-------- Information provided --------

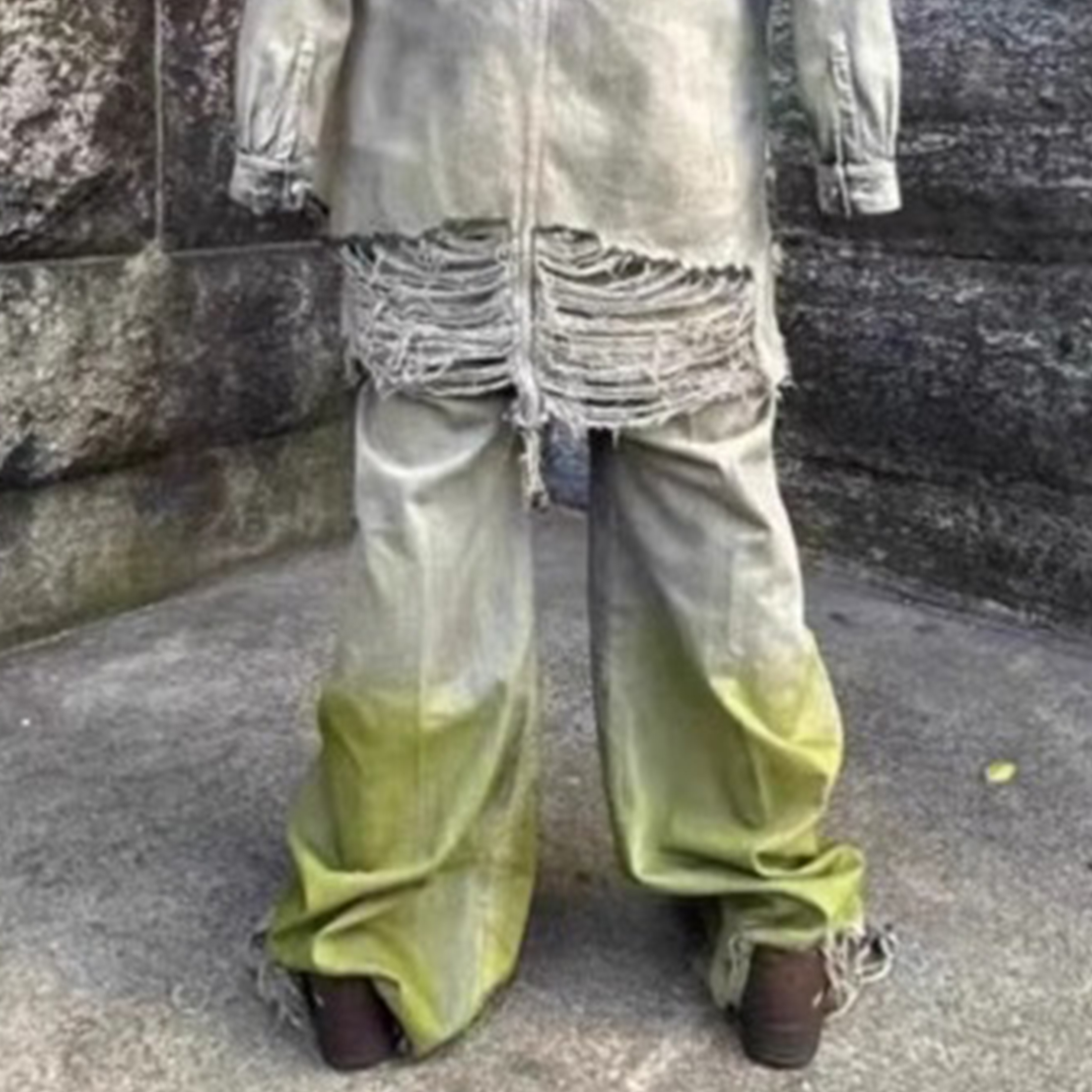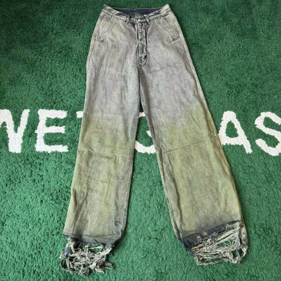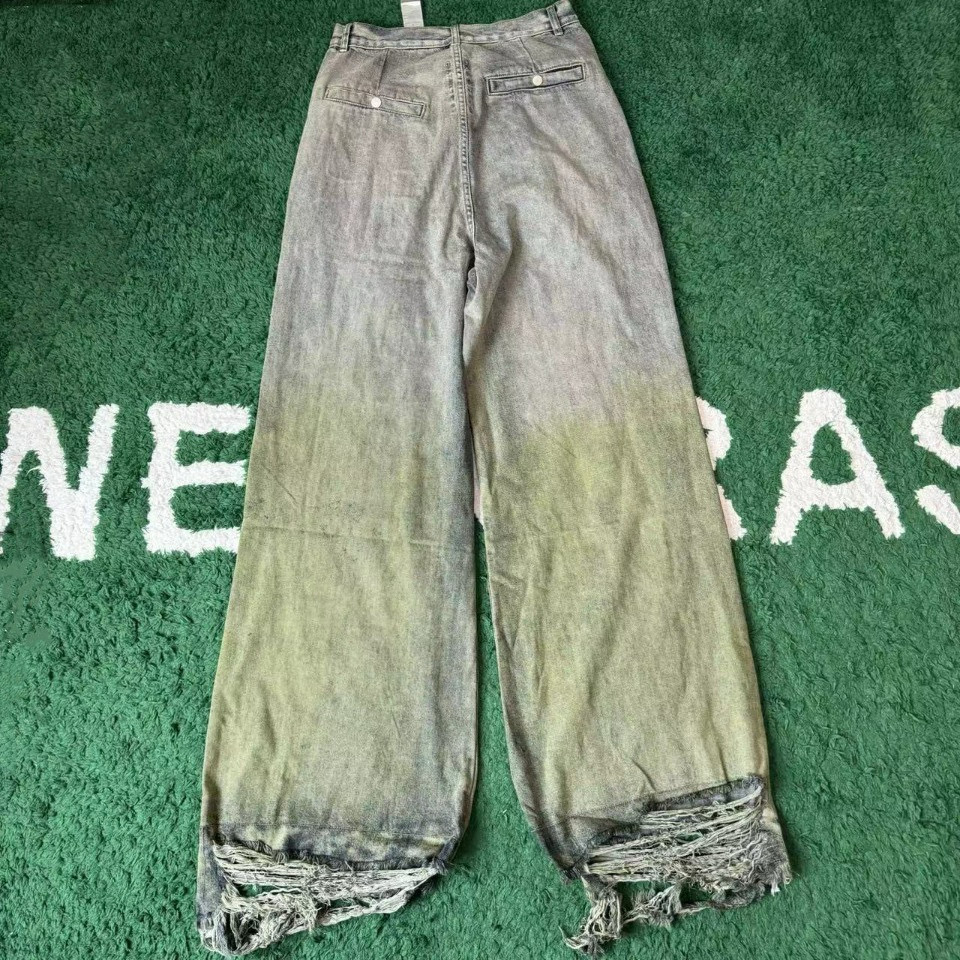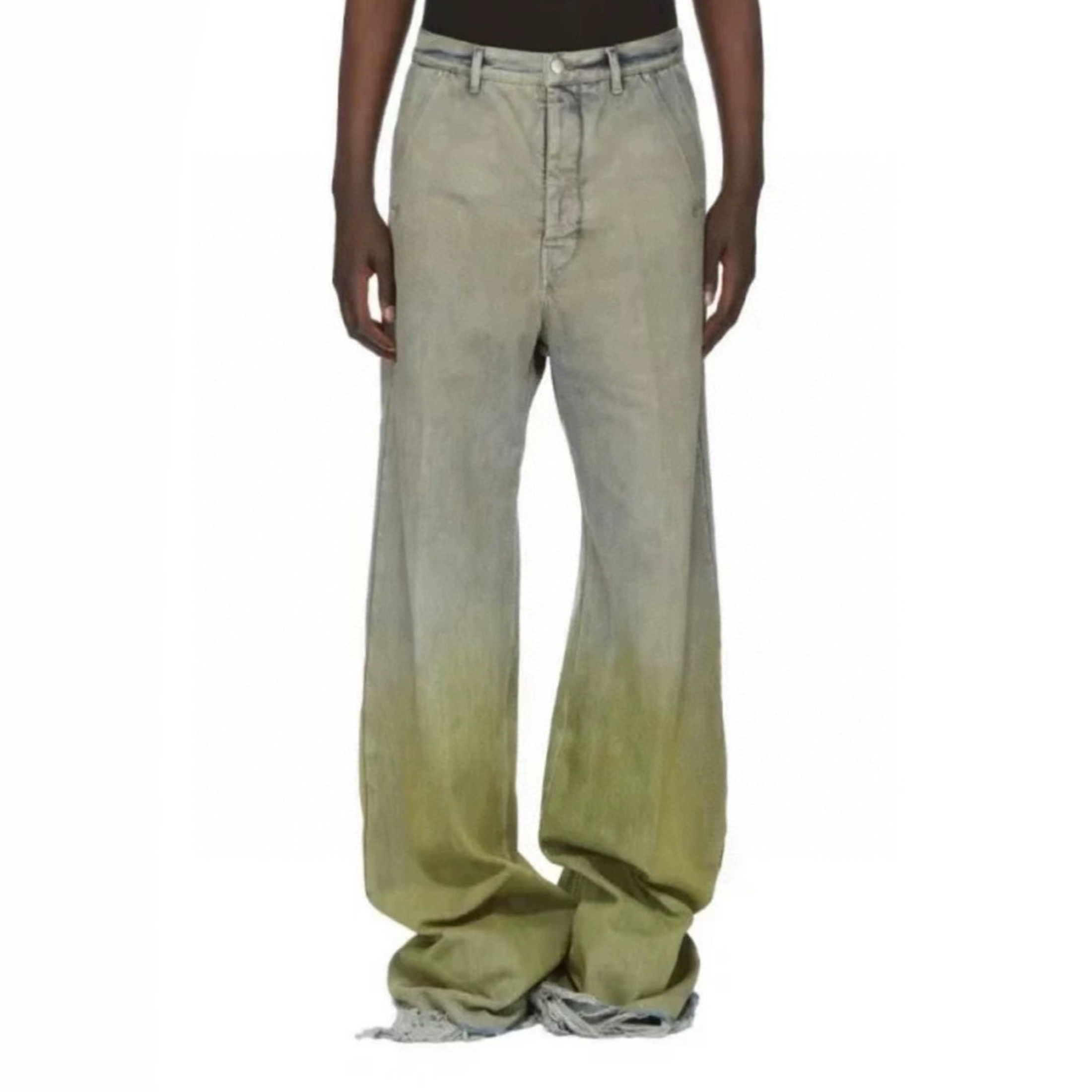 NIGO Rick Owens Men's Women's Four Seasons Gradient Yellow Green Washed Vintage Hole Breaking Wide Leg Denim Long Pants Ngvp #nigo8192
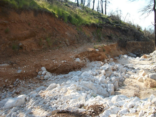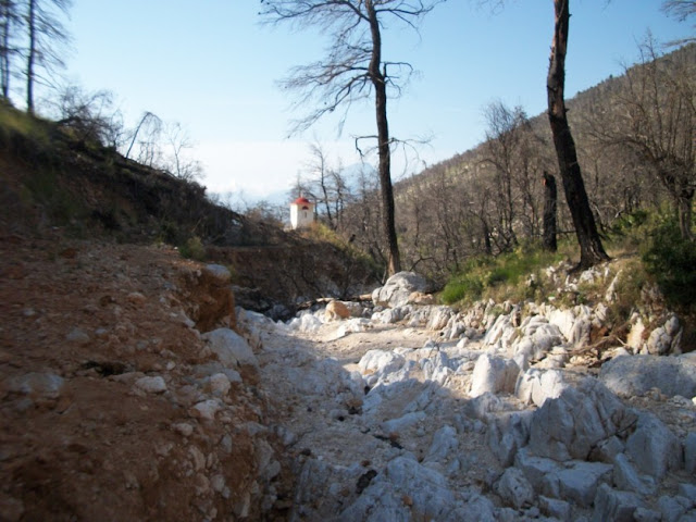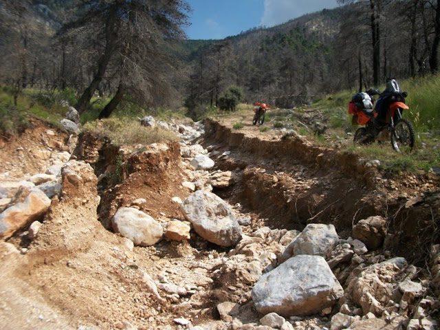 Καλή ανάγνωση .... Αφιερωμένο στα 5 παιδιά που κάηκαν άδικα. Μίστρος- Χιλιαδού Μίστρος- Χιλιαδού 04.07.2010 Ξεκινήσαμε λοιπόν να πάμε για εντουράδα προς Χιλιαδού μεριά …Ένα 2 ημεράκι, ήταν ότι έπρεπε για να ξεφύγουμε ο καθένας από τις δικές του σκοτούρες! Το πρώτο κομμάτι από Αθήνα ήταν άσφαλτος μέχρι την Χαλκίδα. Εκεί βάλαμε βενζίνη και μπήκαμε χώμα με προορισμό τα Πέι, περνάμε απέναντι το ποταμό Λίλαντο, Λεχριές, Ζωοδόχο Πηγή, Ταμάρι, Προφήτη Ηλία, κάνουμε έναν κύκλο στον Όλυμπο, κ πέφτουμε στον Μίστρο από την Τούρλα. Μπρος μας λοιπόν ένα πεσμένο δέντρο, ήταν σαν να σου έλεγε ‘’ψιτ κάντε πίσω, από εδώ δεν είστε καλοδεχούμενοι’’, αλλά βρήκε τα άτομα .. ![]() Περάσαμε το πεσμένο δέντρο, με την σκέψη πως στο Μίστρο θα φτάσουμε σε 10 χλμ, να φανταστείτε πως ούτε σταγόνα νερό δεν είχαμε μαζί. Παρά είχαμε αισιοδοξία μου φαίνετε. ![]() ![]() Βλέπουμε πως ο χωματόδρομος έχει φύγει τελείως και την θέση του έχουν πάρει πέτρες, δέντρα και χαλάσματα. ![]() ![]() ![]() Λόγο της φωτιάς και αμέσως μετά της ασταμάτητης βροχής τα διέλυσε όλα, όταν λέμε όλα, ‘’ΟΛΑ’’. Θα κάνω μια μεγάλη παρένθεση για όσους δεν γνωρίζουν το συμβάν του 2007, που πήρε φωτιά και θα ήθελα να το διαβάσετε ‘’όλοι’’.!!! Διαβάστε τις τελευταίες στιγμές των παλικαριών. Διαβάστε για τη Ζωή τους. Δείτε ποιοί ήταν και θα καταλάβετε πολλά. Νιώστε αυτές τις γραμμές και ποτέ πια δεν θα σας μολύνουν το μυαλό οι διάφοροι εξουσιαστές – σαλτιμπάγκοι. Και συ ρε Γελοίο κράτος κάνε κάτι για το Βασίλη! Δεν θέλει ανδριάντες σαν τον Κεμάλ, όπως και οι υπόλοιποι. Δεν είστε άξιοι να αποδώσετε τιμές σ’ αυτούς τους ανθρώπους. Αυτοί κάηκαν μια φορά και έμειναν Αθάνατοι. Εσείς θα είστε τα αιώνια “καμένα χαρτιά”. Απλά ανοίξτε τα κιτάπια σας που χρηματοδοτούν τις ΜΚΟ και κάντε κάτι για το κάρμα σας. Ήταν μια φορά κι έναν καιρό ένα όμορφο χωριό… Κυριακή 26 Αυγούστου 2007. Μίστρος Ευβοίας. Οι πυρκαγιές έχουν κυκλώσει το νησί, έχουν κυκλώσει την Ελλάδα. Πυροσβέστες κι εθελοντές δίνουν άνιση μάχη. Ανάμεσά τους και πέντε παλικάρια, εθελοντές από το Μίστρο και το Θεολόγο. Πέντε παλικάρια σκοτώθηκαν. Εκείνες τις μέρες, στην Εύβοια, πάνω από 70.000 στρέμματα δάσους και δασικών εκτάσεων έγιναν στάχτη. Περισσότερα από 30 σπίτια κάηκαν ολοσχερώς και 20 υπέστησαν ζημιές. Η παραγωγική δραστηριότητα του νομού υπέστη ένα τεράστιο πλήγμα: 250.000 ελαιόδεντρα, 10.000 άλλα οπωροφόρα, 50 στρέμματα κρασάμπελα, 2.000 γιδοπρόβατα, 1.500 κυψέλες μελισσών, δεκάδες βοοειδή, χοίροι και ζώα εργασίας, 100 σταβλαποθήκες συνολικού εμβαδού 5.000 τετραγωνικών μέτρων. Κάηκαν 150.000 στρέμματα στα οποία βοσκούσαν 40.000 γιδοπρόβατα και βοοειδή. Όλα έγιναν στάχτη… Τις μνήμες εκείνων των ημερών φέρνει σήμερα ένα κείμενο που δημοσιεύει ο «Ρ» από κάποιον που έζησε από κοντά τον εφιάλτη. * * * Ήταν μια φορά κι έναν καιρό ένα όμορφο χωριό στην Εύβοια, στην κεντρική Εύβοια, περιτριγυρισμένο από βουνά. Βουνά που εμπόδιζαν τον «πολιτισμό» να εισβάλει στο χωριό. Τα βουνά εμποδίζουν τους εισβολείς, γίνονται και φυσικά φρούρια, φυσικά σύνορα και απομονώνουν περιοχές. Αυτό το χωριό, απομονωμένο στην ομορφιά του και στον κόσμο του, είχε μόνιμους κατοίκους …παιδιά που σπίτι τους θεωρούσαν τα βουνά που τους περιτριγύριζαν. Παιδιά που θεωρούσαν υποχρέωση να διατηρήσουν τα δάση. Βέβαια, από αυτά ζούσαν, ούτε κουβέντα. Γιατί: Είτε ήταν κτηνοτρόφοι, είτε ήταν βοσκοί ή και τα δυο μαζί. Αύγουστος του 2007. Μίστρος Εύβο
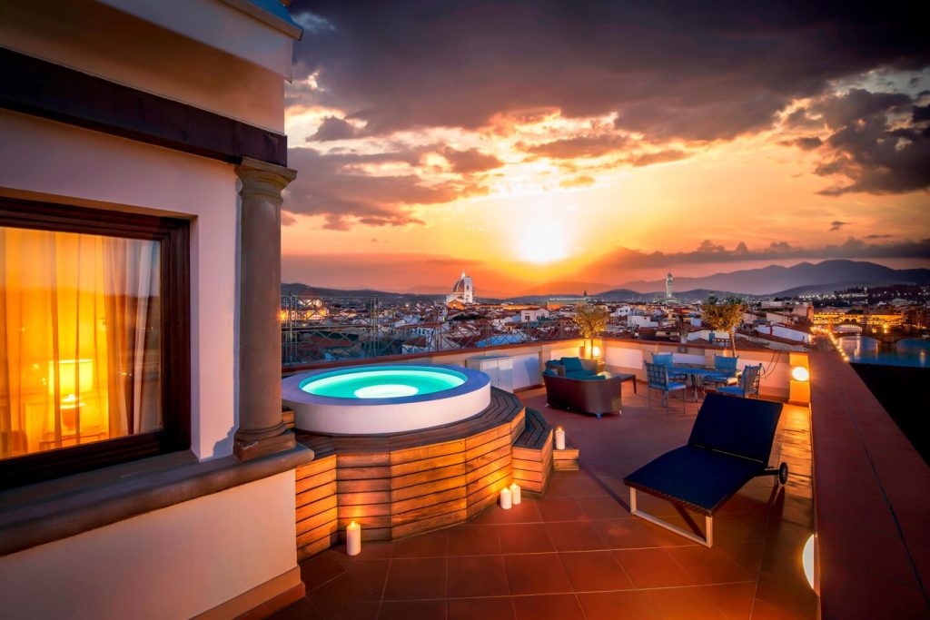 Il St. Regis Firenze. Si trova in un edificio storico progettato da Filippo Brunelleschi, riflette tutta l’eleganza e il fascino del Vecchio Mondo. Situato sulle rive del fiume Arno, con vista sul Ponte Vecchio, dista solo 1 km dalla cattedrale della città. Mobili in stile fiorentino e bagni in marmo sono semplicemente stupendi.

--------

> _Directions for this task_
Omit all images when repeating the data above exactly.

> _Solution_
 NIGO Rick Owens Men's Women's Four Seasons Gradient Yellow Green Washed Vintage Hole Breaking Wide Leg Denim Long Pants Ngvp #nigo8192
 Καλή ανάγνωση .... Αφιερωμένο στα 5 παιδιά που κάηκαν άδικα. Μίστρος- Χιλιαδού Μίστρος- Χιλιαδού 04.07.2010 Ξεκινήσαμε λοιπόν να πάμε για εντουράδα προς Χιλιαδού μεριά …Ένα 2 ημεράκι, ήταν ότι έπρεπε για να ξεφύγουμε ο καθένας από τις δικές του σκοτούρες! Το πρώτο κομμάτι από Αθήνα ήταν άσφαλτος μέχρι την Χαλκίδα. Εκεί βάλαμε βενζίνη και μπήκαμε χώμα με προορισμό τα Πέι, περνάμε απέναντι το ποταμό Λίλαντο, Λεχριές, Ζωοδόχο Πηγή, Ταμάρι, Προφήτη Ηλία, κάνουμε έναν κύκλο στον Όλυμπο, κ πέφτουμε στον Μίστρο από την Τούρλα. Μπρος μας λοιπόν ένα πεσμένο δέντρο, ήταν σαν να σου έλεγε ‘’ψιτ κάντε πίσω, από εδώ δεν είστε καλοδεχούμενοι’’, αλλά βρήκε τα άτομα .. ![]() Περάσαμε το πεσμένο δέντρο, με την σκέψη πως στο Μίστρο θα φτάσουμε σε 10 χλμ, να φανταστείτε πως ούτε σταγόνα νερό δεν είχαμε μαζί. Παρά είχαμε αισιοδοξία μου φαίνετε. ![]() ![]() Βλέπουμε πως ο χωματόδρομος έχει φύγει τελείως και την θέση του έχουν πάρει πέτρες, δέντρα και χαλάσματα. ![]() ![]() ![]() Λόγο της φωτιάς και αμέσως μετά της ασταμάτητης βροχής τα διέλυσε όλα, όταν λέμε όλα, ‘’ΟΛΑ’’. Θα κάνω μια μεγάλη παρένθεση για όσους δεν γνωρίζουν το συμβάν του 2007, που πήρε φωτιά και θα ήθελα να το διαβάσετε ‘’όλοι’’.!!! Διαβάστε τις τελευταίες στιγμές των παλικαριών. Διαβάστε για τη Ζωή τους. Δείτε ποιοί ήταν και θα καταλάβετε πολλά. Νιώστε αυτές τις γραμμές και ποτέ πια δεν θα σας μολύνουν το μυαλό οι διάφοροι εξουσιαστές – σαλτιμπάγκοι. Και συ ρε Γελοίο κράτος κάνε κάτι για το Βασίλη! Δεν θέλει ανδριάντες σαν τον Κεμάλ, όπως και οι υπόλοιποι. Δεν είστε άξιοι να αποδώσετε τιμές σ’ αυτούς τους ανθρώπους. Αυτοί κάηκαν μια φορά και έμειναν Αθάνατοι. Εσείς θα είστε τα αιώνια “καμένα χαρτιά”. Απλά ανοίξτε τα κιτάπια σας που χρηματοδοτούν τις ΜΚΟ και κάντε κάτι για το κάρμα σας. Ήταν μια φορά κι έναν καιρό ένα όμορφο χωριό… Κυριακή 26 Αυγούστου 2007. Μίστρος Ευβοίας. Οι πυρκαγιές έχουν κυκλώσει το νησί, έχουν κυκλώσει την Ελλάδα. Πυροσβέστες κι εθελοντές δίνουν άνιση μάχη. Ανάμεσά τους και πέντε παλικάρια, εθελοντές από το Μίστρο και το Θεολόγο. Πέντε παλικάρια σκοτώθηκαν. Εκείνες τις μέρες, στην Εύβοια, πάνω από 70.000 στρέμματα δάσους και δασικών εκτάσεων έγιναν στάχτη. Περισσότερα από 30 σπίτια κάηκαν ολοσχερώς και 20 υπέστησαν ζημιές. Η παραγωγική δραστηριότητα του νομού υπέστη ένα τεράστιο πλήγμα: 250.000 ελαιόδεντρα, 10.000 άλλα οπωροφόρα, 50 στρέμματα κρασάμπελα, 2.000 γιδοπρόβατα, 1.500 κυψέλες μελισσών, δεκάδες βοοειδή, χοίροι και ζώα εργασίας, 100 σταβλαποθήκες συνολικού εμβαδού 5.000 τετραγωνικών μέτρων. Κάηκαν 150.000 στρέμματα στα οποία βοσκούσαν 40.000 γιδοπρόβατα και βοοειδή. Όλα έγιναν στάχτη… Τις μνήμες εκείνων των ημερών φέρνει σήμερα ένα κείμενο που δημοσιεύει ο «Ρ» από κάποιον που έζησε από κοντά τον εφιάλτη. * * * Ήταν μια φορά κι έναν καιρό ένα όμορφο χωριό στην Εύβοια, στην κεντρική Εύβοια, περιτριγυρισμένο από βουνά. Βουνά που εμπόδιζαν τον «πολιτισμό» να εισβάλει στο χωριό. Τα βουνά εμποδίζουν τους εισβολείς, γίνονται και φυσικά φρούρια, φυσικά σύνορα και απομονώνουν περιοχές. Αυτό το χωριό, απομονωμένο στην ομορφιά του και στον κόσμο του, είχε μόνιμους κατοίκους …παιδιά που σπίτι τους θεωρούσαν τα βουνά που τους περιτριγύριζαν. Παιδιά που θεωρούσαν υποχρέωση να διατηρήσουν τα δάση. Βέβαια, από αυτά ζούσαν, ούτε κουβέντα. Γιατί: Είτε ήταν κτηνοτρόφοι, είτε ήταν βοσκοί ή και τα δυο μαζί. Αύγουστος του 2007. Μίστρος Εύβο
 Il St. Regis Firenze. Si trova in un edificio storico progettato da Filippo Brunelleschi, riflette tutta l’eleganza e il fascino del Vecchio Mondo. Situato sulle rive del fiume Arno, con vista sul Ponte Vecchio, dista solo 1 km dalla cattedrale della città. Mobili in stile fiorentino e bagni in marmo sono semplicemente stupendi.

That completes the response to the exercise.